Users may encounter issues where their RabbitMQ cluster is not functioning normally due to a significant increase in memory utilization. This can cause the entire cluster to become unresponsive, resulting in failures in applications connected to any node in the cluster. The impacted node is not immediately marked as out of service, and the cluster does not recover until the affected node is restarted.
All RabbitMQ versions
This issue is typically caused by an overload of memory usage in one or more RabbitMQ nodes. As RabbitMQ nodes consume varying amounts of memory and disk space based on the workload, usage spikes can cause both memory and disk space to reach critical levels.
When memory usage spikes to a dangerous level, the node can be terminated by the operating system’s "OOM killer" (Out of Memory killer)

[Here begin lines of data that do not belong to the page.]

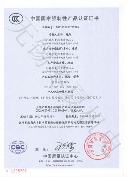 近日,ku酷游官方最新网站-ku酷游(中国)的移动工业冷气机、暖风机产品7个型号取得了中国质量认证中心颁发的3C强制认证证书。
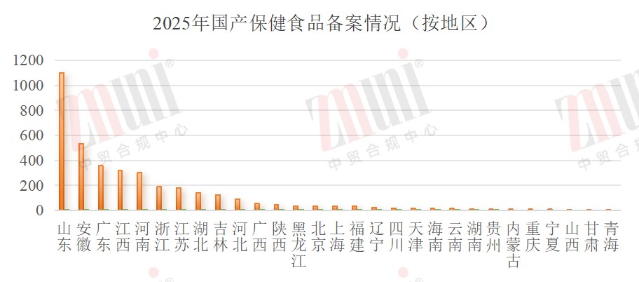 国产保健食品备案地区分布如下图,共有29个省、自治区、直辖市的企业获得备案凭证。其中,山东省备案数量最多,其次是安徽省、广东省、江西省与河南省,数据反映国产备案分布区域集聚性较强。
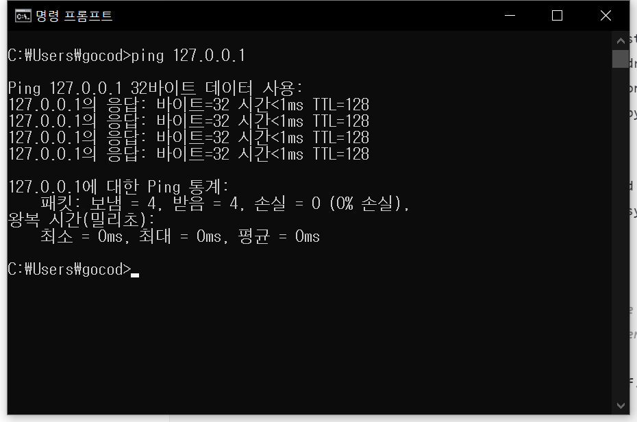 ● 3. 이번엔 명령 프롬프트에서 ping 127.0.0.1을 날려보면 응답이 돌아옵니다. 이것은 인터넷에서 돌아온 게 아닌 내 컴퓨터의 운영체제에서 돌려준 값입니다.
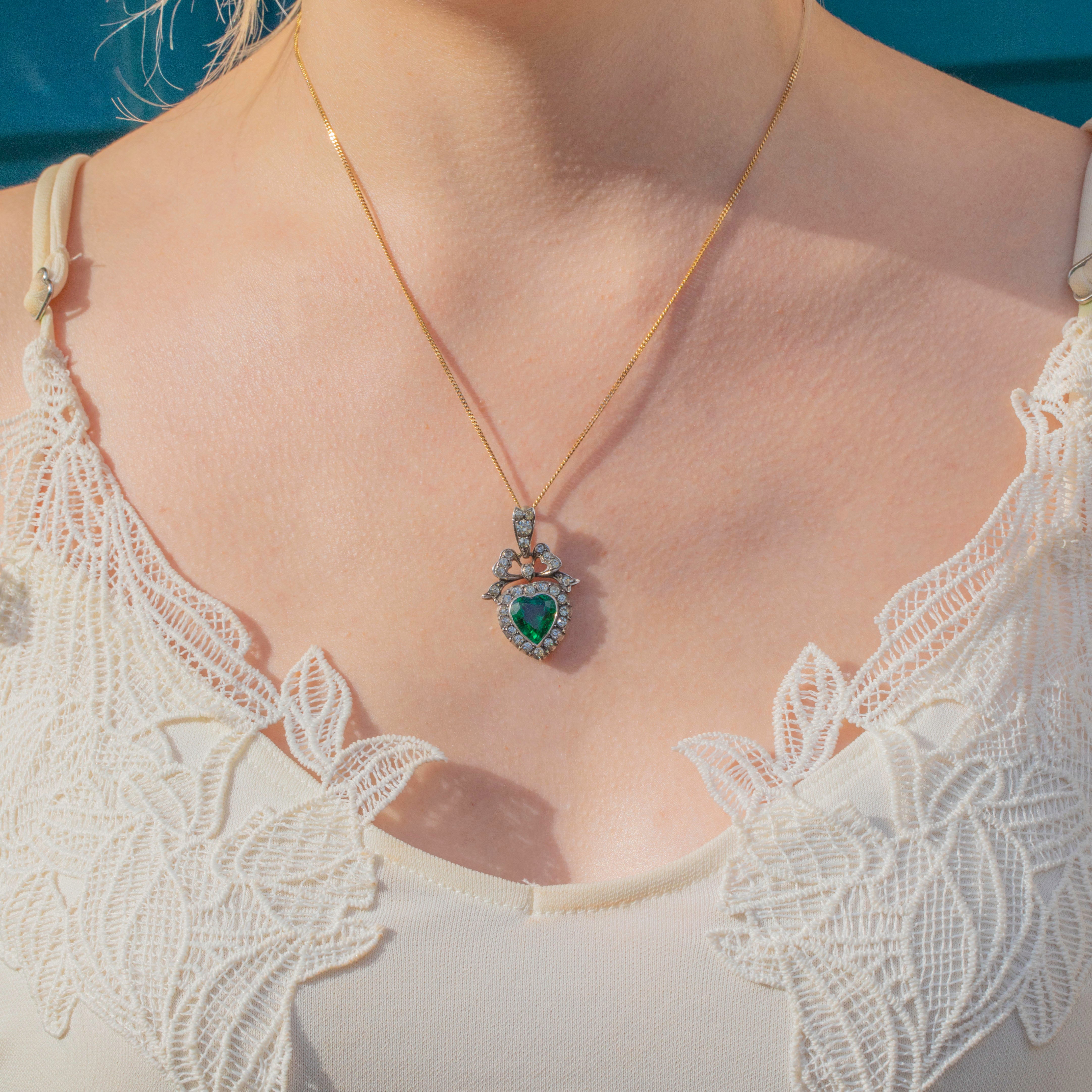 Add a pop of colourful charm to your décolletage with this Edwardian Silver Green Paste heart pendant!
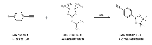 1.通过(4-溴苯基)乙炔和异丙醇频哪醇硼酸酯合成4-乙炔基苯硼酸频哪酯,收率约68%;
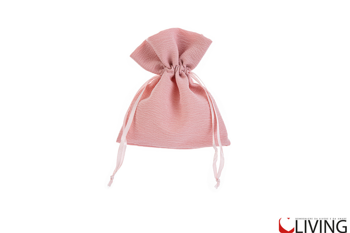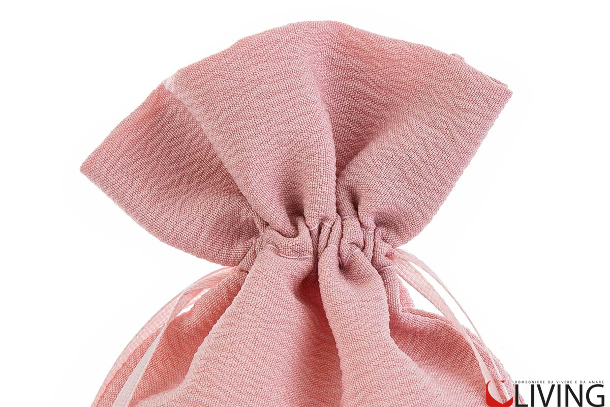 Il sacchetto è dotato di un pratico nastrino tirante, anch’esso rosa, che permette di chiuderlo facilmente e in modo sicuro, garantendo che i confetti rimangano ben custoditi all’interno. Il design semplice e pulito del sacchetto lo rende adatto a qualsiasi tema o decorazione, consentendoti di personalizzarlo ulteriormente con etichette, ciondoli o nastri colorati.

1. Monitor Memory and Disk Usage:
- Track memory and disk usage across RabbitMQ nodes to ensure that they are not reaching critical levels.

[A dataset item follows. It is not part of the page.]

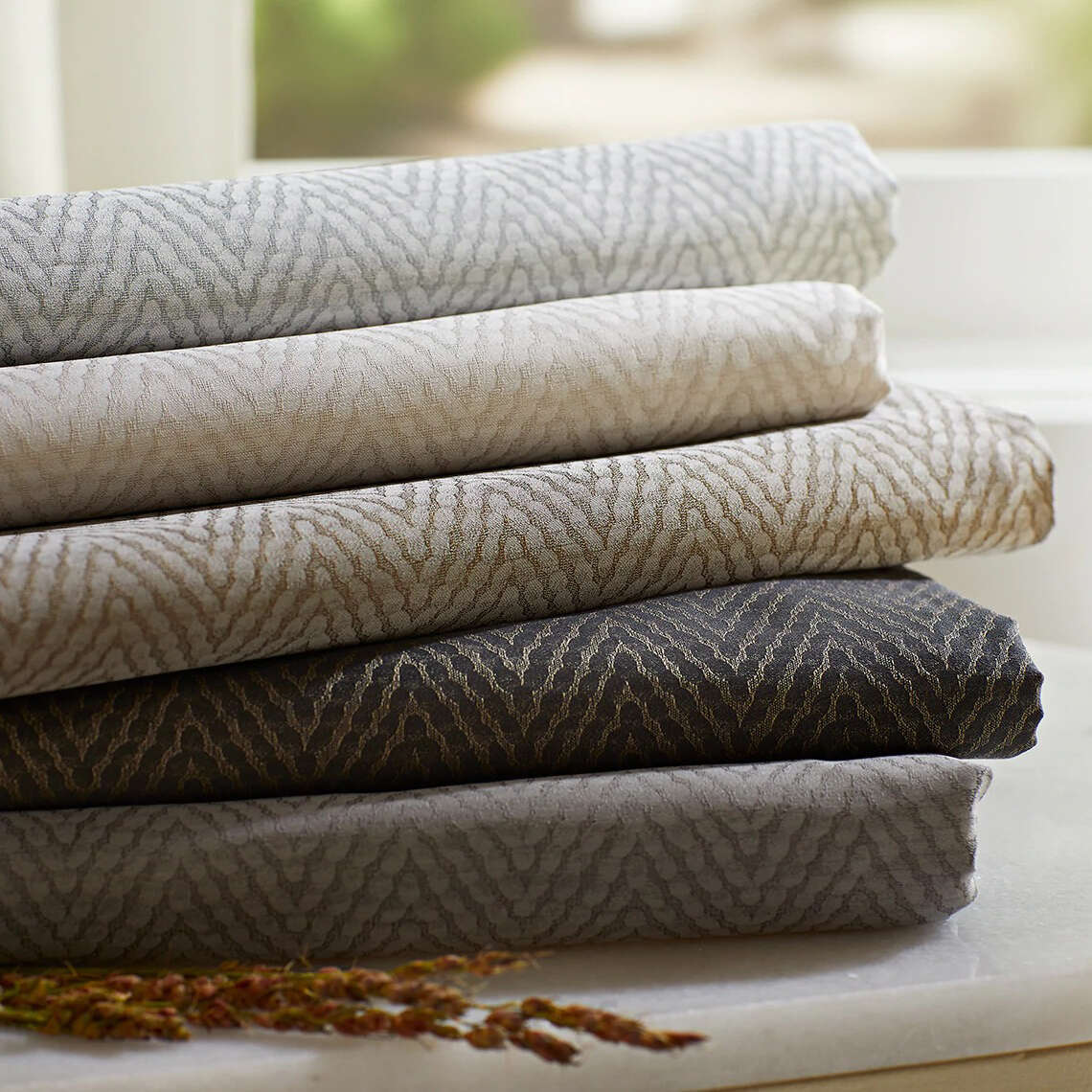 This large scale herringbone has a modern flair with its textured, jacquard chevron repeat.

2. Configure vm_memory_high_watermark:
- Adjust the vm_memory_high_watermark setting in RabbitMQ to avoid memory-related issues. This setting controls the amount of memory RabbitMQ is allowed to use before it starts blocking publishers.
- Lowering the watermark slightly can help prevent nodes from running out of memory.
vm_memory_high_watermark = <suitable_value_as_per_environment>